このようなテーマを選んでおいてなんだが、我々夫婦は筋肉とは無縁のボディをしており、パニック映画なら序盤で死ぬビジュアルをしている。

しかし私個人は「筋肉」に対し並々ならぬ憧れがあり、会社を辞めた時まず思ったのは「これでゴリラになれる」であった。

「会社を辞める」→「時間が出来る」→「筋トレをする」→「ゴリラ」という完璧なフローチャートも出来ているのだが、退職後二年経った今、私のゴリラ化計画は「毛深い」以外クリアできていない。
つまり8割達成しているということだが、焦りは禁物であり、これから30年ぐらいかけて仕上げていこうと思う。 しかし、退職した時に「これからゴリラになるんでよろしく」と夫に言ってなくて良かった。

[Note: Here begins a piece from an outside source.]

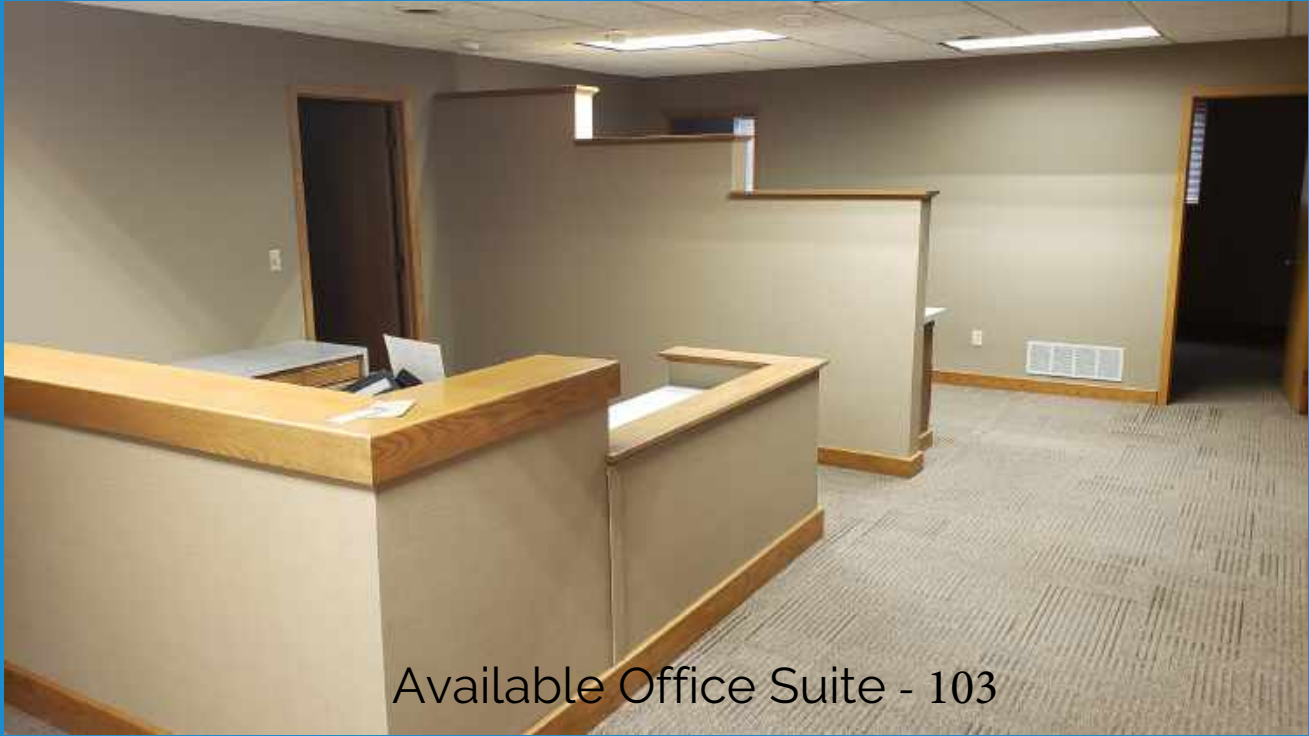
Available Office Suite - 103

ゴリラだけでなく、掃除をするとか飯を1品増やすとか「生まれ変わったこれからのオレ」の話をしていなくて本当に良かったと思う。

人間の一生というのは、突然イヤーカフコレクションにハマったり、蟷螂拳をマスターしようとしてみたりと、ブームと挑戦、飽きと挫折の反復横飛びである。

それ自体はとても良いことだ。
何にも興味が持てないより、死ぬまで何かに熱をあげたりトライし続ける方が良い人生に決まっている。
しかし、そういうタイプの近くにいる者の人生が良いものとは限らない。下手をすると一年中何らかの流行り病に罹っている奴の介護をするだけの人生になってしまう。

例えば、私が夫に「今日からゴリラになるから」と突然宣言し、食卓にささみとプロテインしか出さなくなったら迷惑だし、常に隣で「フッフッ…!」とスクワットをされたらストレスだろう。
さらに、人をそれだけ巻き込んでおいて一か月ぐらいすると、寝転がってカントリーマアムを袋食いしているのである。 そこで「ゴリラはどうしたんだ?」と聞くと顔だけ瞬時にゴリラと化す、つまり「不機嫌」になるのだ。

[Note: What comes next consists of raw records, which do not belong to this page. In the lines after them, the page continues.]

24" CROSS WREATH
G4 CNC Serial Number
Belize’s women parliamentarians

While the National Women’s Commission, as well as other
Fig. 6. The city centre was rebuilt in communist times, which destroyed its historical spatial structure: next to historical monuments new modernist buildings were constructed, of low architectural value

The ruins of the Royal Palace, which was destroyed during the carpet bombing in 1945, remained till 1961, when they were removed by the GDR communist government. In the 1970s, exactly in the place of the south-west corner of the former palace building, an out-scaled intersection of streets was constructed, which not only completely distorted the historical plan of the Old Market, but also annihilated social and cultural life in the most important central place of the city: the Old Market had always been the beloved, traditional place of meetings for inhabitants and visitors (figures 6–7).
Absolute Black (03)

このように、一生トライ&アゲイン、ホットトゥクールな人間と一緒にいるというのはなかなかの修業なのである。
さらに「このアマゾンで売っている重り的なものがなければ我ゴリラになること能わず」という道具から入るタイプだったりすると、金銭的にも負担、さらに家がどんどん狭くなると言うストレスにも晒されることになる。

去年私は誕生日プレゼントとして、夫に4万円もするルームウォーカーを買ってもらった。

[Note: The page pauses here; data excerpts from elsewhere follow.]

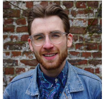
Member Organisation: Scottish Young Greens (Scotland)

Motivation - Vision - CV - Support Letters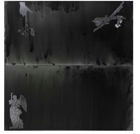
Stefan Bondell, "Dirty WINGS" (2013). Oil and gouache on canvas, 10 \times 10' . From Black Box .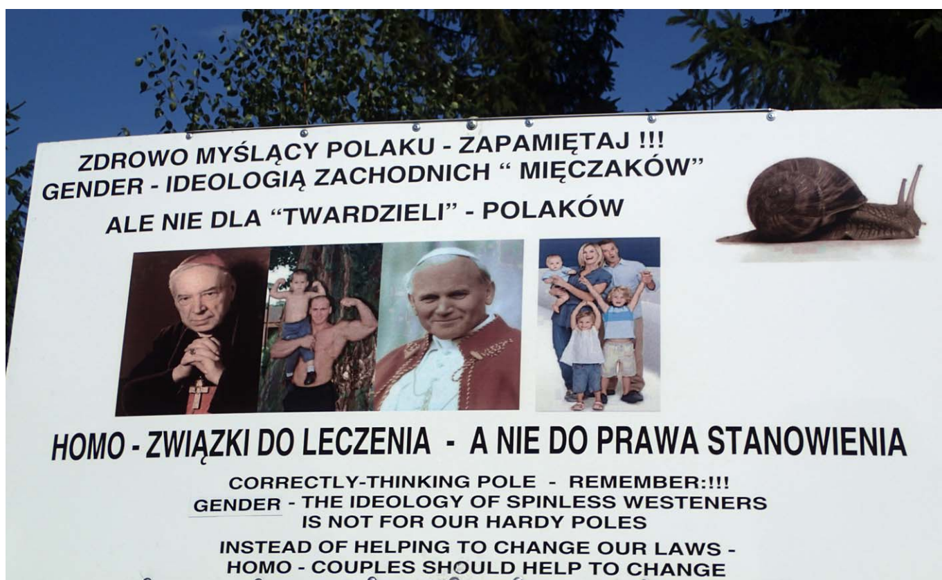
Banner at the Anti-Gender Rally, August 30, 2015.

これはゴリラ化計画の一環ではなく、無職生活を1年以上続けた結果「このままでは歩行が困難になる」という危惧があったからだ。
しかし「外にでて歩く」などということをするぐらいなら、私は屁で移動する練習をする方を選ぶ。
よって、私にとって必需なものとして、割と高額なものを買ってもらった。